The C gets charged over the 20k R.
Vcc is 9V, the 555 chip charges from 1/3 to 2/3 of Vcc, so:

The voltage at R will be between 6 and 3 V
The voltage at C will be between 3 and 6 V

Looking and the right side of the circuit, the base of the transistor is connected to the C, which means the voltage at C will be at the LED and its resistor with a voltage drop at the transistor:

$U_{BE} = 0.7 V$

My LED parameters:

$I_{max} = 20 mA$

$U_{f} = 2.1 V$

The maximum voltage at the resistor will be

$U_{R,led,max} = 6V - U_{f} - U_{BE} = 3.2 V$

To limit the current, the value of the resistor has to be at least:

$R_{led,min} = \frac{U_{R,led,max}}{I_{max}} = \frac{3.2 V}{20 mA}=160 \Omega$

Same is true for the PNP side.

Now, dimensioning the RC Network:

Since I'm using the the CMOS Version of the 555, the maximal sourcing current it given with:

$i_{R,max} = 10 mA$

Now with slow fading times, the current in the transistor is not negligible, and with the gain of the transistor:

$B = 100 - 500$

the maximal current:

$i_B = \frac{i_C}{B} = \frac{20 mA}{100} = 0.2 mA$

Since I'm using 2 transistors, there need to be a current trough the resistor of at least:

$i_{R,min} = 2 i_B = 0.4 mA$

with this parameters, I can give a range of the resistor:

$R_{min} = \frac{U_{R,max}}{i_{R,max}} = \frac{6 V}{10 mA} = 600 \Omega$

$R_{max} = \frac{U_{R,min}}{i_{R,min}} = \frac{3 V}{0.4 mA} = 7500 \Omega$

so the values for R in the RC Network:

$R = 600 \Omega ... 7500 \Omega$

The charging + discharging time from the C between 1/3 to 2/3 is given with:

$T = 2 \cdot 0.7 R C$

Remark: current i_B is neglected in calculation, since it has opposing effects in charging and discharging.

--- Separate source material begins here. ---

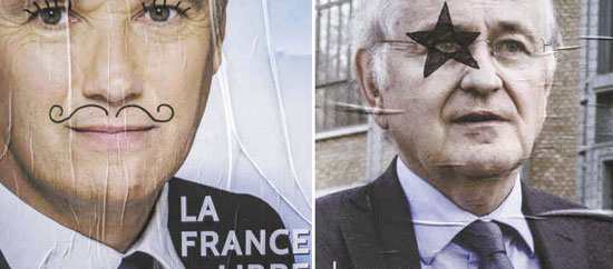近日,法國大選正如火如荼地進行,一些候選人的大幅宣傳畫隨處可見。很不幸的是,薩科齊等人的宣傳畫不知被誰涂鴉。近日,法國大選正如火如荼地進行,一些候選人的大幅宣傳畫隨處可見。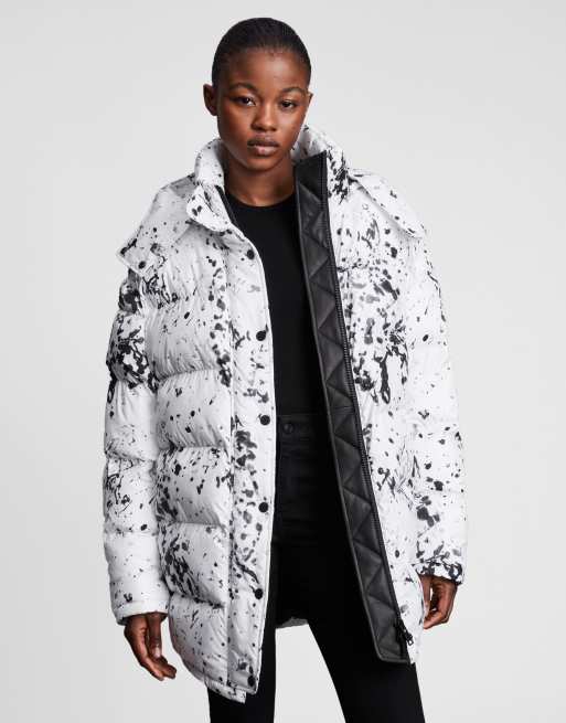 Black and white sales bubble coat, Womens Shiny Puffer Coat With Belt Black And White Weather sales

So e.g. a time of 10s and with R = 3300 Ω

$C = \frac{T}{1.4 R} \approx 2200 uF$

So, thanks so far for reading.
I'd like tu discuss my thoughts and want to make to ensure, that I put it together in the right way.

Thanks for any help!

2. ### elec_mech Senior Member

Nov 12, 2008
1,513
193
I have not built a fading circuit to date, but Bill offers a wealth of knowledge on his blog.

3. ### vanglock Thread Starter New Member

Oct 23, 2013
3
0

Still want to verify my thoughts, it helps me to extend and modify my circuit.

4. ### Alec_t AAC Fanatic!

Sep 17, 2013
5,971
1,135
Your calculations look fine. The circuit works in simulation.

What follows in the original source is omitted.